Author SHA1 Message Date
a87c997ee1 Expose Forgejo publicly at forge.eblu.me (#278)
All checks were successful
Deploy Fly.io Proxy / deploy (push) Successful in 1m28s
## Summary

Expose Forgejo publicly at `forge.eblu.me` via the Fly.io reverse proxy — the first dynamic, authenticated public-facing service.

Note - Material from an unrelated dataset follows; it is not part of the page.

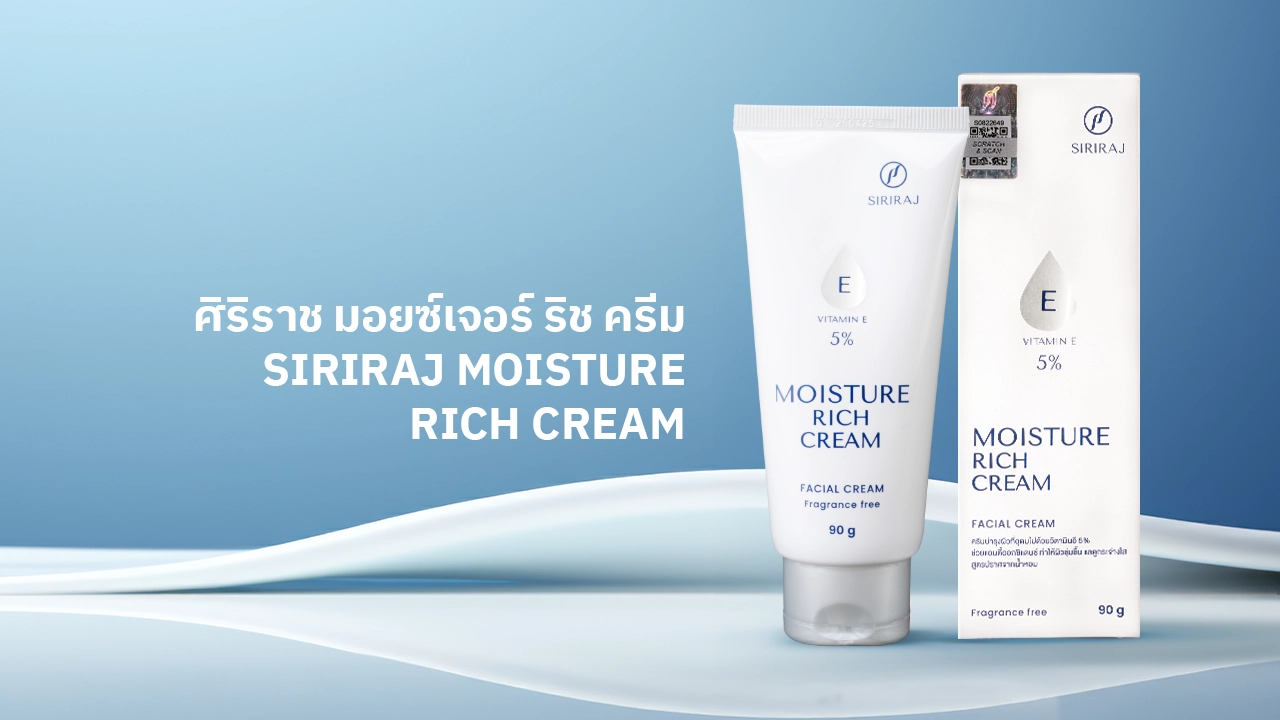 หากคุณกำลังมองหา Moisturizer ที่ให้ความชุ่มชื้น SIRIRAJ MOISTURE RICH CREAM คือผลิตภัณฑ์ที่ตอบโจทย์ได้เป็นอย่างดี ด้วยส่วนผสมของ Vitamin E สูงถึง 5% ที่ช่วยต่อต้านอนุมูลอิสระ และมอบความชุ่มชื้นได้อย่างล้ำลึก เหมาะสำหรับผู้ที่ต้องการฟื้นฟูผิวให้กลับมาอิ่มฟูและสุขภาพดีในทุกวัน
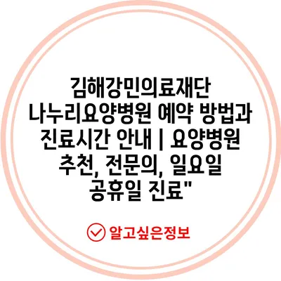 ✅ 김해강민의료재단 나누리요양병원의 예약 방법과 진료시간을 지금 바로 알아보세요.

- **Forgejo hardening:** Domain changed to forge.eblu.me, SSH stays on forge.ops.eblu.me, reverse proxy trust headers configured, local registration locked to external-only (Authentik SSO)
- **Tailscale Ingress:** ExternalName Service + Ingress in tailscale-operator creates forge.tail8d86e.ts.net endpoint
- **Fly.io proxy:** nginx server block with rate-limited auth endpoints (3r/s), fail2ban with custom nginx-deny action, security headers, /swagger blocked, WebSocket support, 512m body limit
- **Authentik:** OAuth callback updated to forge.eblu.me
- **DNS/TLS:** CNAME record in Pulumi, cert in fly-setup
- **Rename:** ~29 files updated from forge.ops.eblu.me to forge.eblu.me (HTTPS refs only; SSH, container builds, and Caddy table kept as-is)

## Deployment Order

1. `mise run provision-indri -- --tags forgejo` (config changes)
2. Verify forge.ops.eblu.me still works
3. `argocd app set tailscale-operator --revision feature/forge-public && argocd app sync tailscale-operator`
4. Verify `curl https://forge.tail8d86e.ts.net`
5. `cd fly && fly deploy`
6. Verify pre-DNS: `curl -H "Host: forge.eblu.me" https://blumeops-proxy.fly.dev/`
7. `fly certs add forge.eblu.me -a blumeops-proxy`
8. `argocd app set authentik --revision feature/forge-public && argocd app sync authentik`
9. `mise run dns-preview && mise run dns-up`
10. Full verification (see below)
11. Rehearse `mise run fly-shutoff`
12. After merge: reset ArgoCD revisions to main, re-sync

## Verification Checklist

- [ ] forge.eblu.me loads, shows public repos
- [ ] forge.ops.eblu.me still works from tailnet
- [ ] SSH clone via forge.ops.eblu.me:2222 works
- [ ] HTTPS clone via forge.eblu.me works
- [ ] UI shows forge.eblu.me for HTTPS clone, forge.ops.eblu.me for SSH
- [ ] /swagger returns 403
- [ ] Rapid login attempts trigger 429 rate limit
- [ ] fail2ban bans after 5 failed logins in 10 minutes
- [ ] ArgoCD can still sync (SSH unaffected)
- [ ] `mise run fly-shutoff` stops all public traffic
- [ ] `mise run services-check` passes

Reviewed-on: #278
2026-03-03 08:40:41 -08:00
959b6842bc Zero-downtime Fly.io deploys (#132)
All checks were successful
Deploy Fly.io Proxy / deploy (push) Successful in 1m40s
## Summary
- Start nginx after Tailscale connects (community best practice for Tailscale sidecars)
- Switch to `bluegreen` deploy strategy — old machine serves until new one is healthy
- Replace top-level `[checks]` with `[[http_service.checks]]` — only service-level checks gate traffic routing ([confirmed by Fly.io staff](https://community.fly.io/t/clarifying-the-types-of-health-checks/20379))
- Remove sentinel file and nginx if-check (no longer needed)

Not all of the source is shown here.